From Justice Definitions Project

What is Repeal?

Repeal refers to the revocation of a law enacted by the legislature by the means of a subsequent legislation. When a law is repealed, it is abrogated and ceases to exist in the statute books.

Official Definitions of Repeal

General Clauses Act, 1977

Section 6 of the Act lays down the effect of repeal. It clarifies that the repealing of a law does not revive anything which was not in force at the time of the repeal, nor does it affect any rights, liabilities or proceedings created prior to the repeal, unless a different intention appears.

Section 6A concerns the effect of repealing an Amending Act. It states that such repeal will not affect the continuance of the amendment itself, unless a contrary intention appears.

Case Law

In Kolhapur Cane Sugar Works v. Union of India, the Supreme Court noted that when a statute is repealed, it is obliterated from the statute books as if it had never been passed. Section 6 of the General Clauses Act, 1977 only creates an exception in this regard.[1]

Types of Repeal

The repeal of a law may be either explicit or implied.

Explicit Repeal

A repeal is explicit when a law is expressly repealed in the subsequent enactment.

Implied Repeal

Implied repeal occurs when the provisions of a subsequent law are contrary to the earlier law, resulting in the implication that it was the legislature’s intent to repeal the earlier legislation by enacting the subsequent one. This is based on the Latin maxim leges posteriores priores contrarias abrogant, or ‘later laws abrogate earlier laws’.[2]

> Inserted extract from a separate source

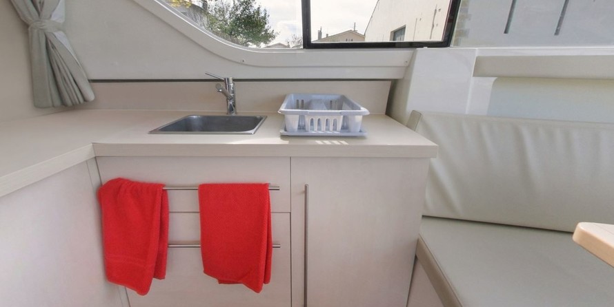 A well-equipped galley with oven, cooker, sink and kitchen utensils is prepared to facilitate cooking. There is also a bbq, microwave and freezer on board.

There is a general presumption against repeal by implication. The ‘doctrine of implied repeal’ presumes that the legislature knows the existing laws and does not intend to create confusion by retaining conflicting provisions. Therefore, the application of this doctrine entails a construction and analysis of the earlier and subsequent laws to identify inconsistencies between them. If there are inconsistencies that render them plainly repugnant to each other, it may be concluded that the legislature’s intention was to repeal the earlier law by passing the subsequent one, even though the former was not expressly repealed.[3]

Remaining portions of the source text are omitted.